And I ran the following Advanced Diagnostics tests at reboot on the hard drive:

SMART short test: Passed
SMART long test: Passed
Surface test: Passed

I've tried an RBR and it doesn't seem to help. About the only thing I haven't tried yet is a reformat, and I don't really want to, for obvious reasons.

Does anyone have any ideas?

P.S. A final bit of info: The only things my DVR are plugged into are my my Samsung LCD TV (via HDMI) and my Toshiba DVD recorder (via S-Video/RCA audio).


----------



## davring (Jan 13, 2007)

I have two HR20's although I have only experienced what you have for a couple of brief periods. It cleared up on its own. I remember reading here to try removing it from your network and see if that speeds it up, doesn't sound like a good solution to me, but some people had success doing so. If don't know if they were able to reconnect at a later time.


----------



## hasan (Sep 22, 2006)

Sometimes the processor appears to be starved for cycles as it is busy doing other things. There is a new update coming down over the next several weeks, and it is possible that the problem may be minimized. One thing to note, the HR20-700 is one of the snappiest units, so what you are experiencing is typically much worse with some of the other D* HD-DVRs.

Hang in there, it should get better.


----------



## Avder (Feb 6, 2010)

I love the functionality of my HR21, but I hate hate HATE the slow as allsbay interface. I really hope a patch speeds things up someday.


----------



## Rich (Feb 22, 2007)

DChristmann said:


> My apologies if there's already a thread about these sorts of issues.
> 
> My HR20/700 over the past few weeks has had issues with a ridiculously slow user interface response. When I hit GUIDE or LIST, it'll take several seconds for the DVR to respond and when I try to enter a channel number while watching a live or recorded program, it takes several seconds for each digit to show up, so it'll only catch the first and second or first and third digits and change to that channel. (However, when I do it in the guide, it works OK.) But many items are much slower -- changing channels, starting and stopping playback, and so on.
> 
> ...


Try using component wires on from the 20-700 to the Sammy TV? Sony TVs and Sammy TVs seem to have an aversion to the HDMI signal put out by the HRs. Just give it a try, you won't lose any PQ unless you go to 1080p. If that doesn't work, you might have a 20-700 slowly dying. Sad when that happens, but all electrical devices die after a while.

Rich


----------



## Rich (Feb 22, 2007)

davring said:


> I have two HR20's although I have only experienced what you have for a couple of brief periods. It cleared up on its own. I remember reading here to try removing it from your network and see if that speeds it up, doesn't sound like a good solution to me, but some people had success doing so. If don't know if they were able to reconnect at a later time.

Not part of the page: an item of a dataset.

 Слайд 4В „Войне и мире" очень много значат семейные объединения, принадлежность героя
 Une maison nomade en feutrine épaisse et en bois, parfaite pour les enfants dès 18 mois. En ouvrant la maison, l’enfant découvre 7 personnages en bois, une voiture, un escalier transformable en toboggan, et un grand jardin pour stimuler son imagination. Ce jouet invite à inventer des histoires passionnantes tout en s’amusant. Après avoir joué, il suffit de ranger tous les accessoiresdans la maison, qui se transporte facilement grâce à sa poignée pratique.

I've read about that too, but I've never had a problem with slowness on my 20-700s and most of them are connected to my network. Altho I think that's gonna change soon. Just went thru the On Demand offerings and saw not a thing that interested me. Don't need MRV. Getting to the point that I don't see a need to network them.

Rich


----------



## crawdad62 (Jul 16, 2008)

My HR21-200 is doing it too. Actually I haven't noticed the audio dropouts like I was experiencing a couple of months ago but what I've notice is a HUGE difference in the volume levels between HD and SD channels. There always a difference but now it's even more pronounced. That and the extremely slow UI just showed up with the last update.


----------



## bagreene (Oct 6, 2008)

Unfortunately this is a known issue. My HR22-100 has the exact problems you describe. I've had no luck fixing them. Firmware version 0x368 seemed to make it better for my box, but 0x395 unfortunately made it worse again. Here are a few threads regarding this issue.

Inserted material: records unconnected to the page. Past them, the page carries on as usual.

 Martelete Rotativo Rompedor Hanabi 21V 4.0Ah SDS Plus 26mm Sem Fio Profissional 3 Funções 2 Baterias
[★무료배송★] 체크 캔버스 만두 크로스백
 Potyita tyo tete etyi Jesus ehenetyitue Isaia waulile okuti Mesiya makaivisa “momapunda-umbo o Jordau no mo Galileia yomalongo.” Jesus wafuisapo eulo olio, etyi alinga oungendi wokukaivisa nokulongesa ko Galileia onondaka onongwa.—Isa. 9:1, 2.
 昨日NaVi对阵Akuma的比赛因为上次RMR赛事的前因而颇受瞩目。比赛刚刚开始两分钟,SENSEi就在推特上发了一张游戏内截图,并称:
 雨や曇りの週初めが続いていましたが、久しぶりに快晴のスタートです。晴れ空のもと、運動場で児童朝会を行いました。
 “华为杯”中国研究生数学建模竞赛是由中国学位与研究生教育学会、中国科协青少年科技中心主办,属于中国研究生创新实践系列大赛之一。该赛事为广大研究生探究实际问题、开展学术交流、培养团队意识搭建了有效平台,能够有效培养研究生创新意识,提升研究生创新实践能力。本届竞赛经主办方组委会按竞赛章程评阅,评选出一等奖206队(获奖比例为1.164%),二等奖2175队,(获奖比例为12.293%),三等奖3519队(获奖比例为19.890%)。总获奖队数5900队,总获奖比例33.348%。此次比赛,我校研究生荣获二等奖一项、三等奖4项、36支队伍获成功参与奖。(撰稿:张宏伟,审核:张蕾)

http://www.dbstalk.com/showthread.php?t=172412

http://www.dbstalk.com/showthread.php?t=172395

http://www.dbstalk.com/showthread.php?t=149237

http://www.dbstalk.com/showthread.php?t=156109


----------



## DChristmann (Dec 17, 2002)

rich584 said:


> Try using component wires on from the 20-700 to the Sammy TV? Sony TVs and Sammy TVs seem to have an aversion to the HDMI signal put out by the HRs. Just give it a try, you won't lose any PQ unless you go to 1080p. If that doesn't work, you might have a 20-700 slowly dying. Sad when that happens, but all electrical devices die after a while.
> 
> Rich


Yeah, I tried changing over from HDMI to component today. It doesn't seem to help, nor does disconnecting it from the network.

At this point, I'm basically reduced to hoping that it's an issue with 0x395 and that it'll be fixed in the next software update.


----------



## Rich (Feb 22, 2007)

DChristmann said:


> Yeah, I tried changing over from HDMI to component today. It doesn't seem to help, nor does disconnecting it from the network.
> 
> At this point, I'm basically reduced to hoping that it's an issue with 0x395 and that it'll be fixed in the next software update.


Hope so, for your 20-700's sake. I don't think that the next NR is going to address that tho. There's a sticky thread on this forum that discusses the next NR.

Have you tried pulling the plug on the HR and letting it sit unplugged for a while? You don't have the HDD filled up do you? That will slow down an HR noticeably. And that's normal for any HR. Pulling the plug will refresh the HR and you should see a difference in performance.

Rich


----------



## Mike Greer (Jan 20, 2004)

My HR22-100s are/were doing the same thing. I have 0x03A8 on mine. I've given up on them ever being fixed myself.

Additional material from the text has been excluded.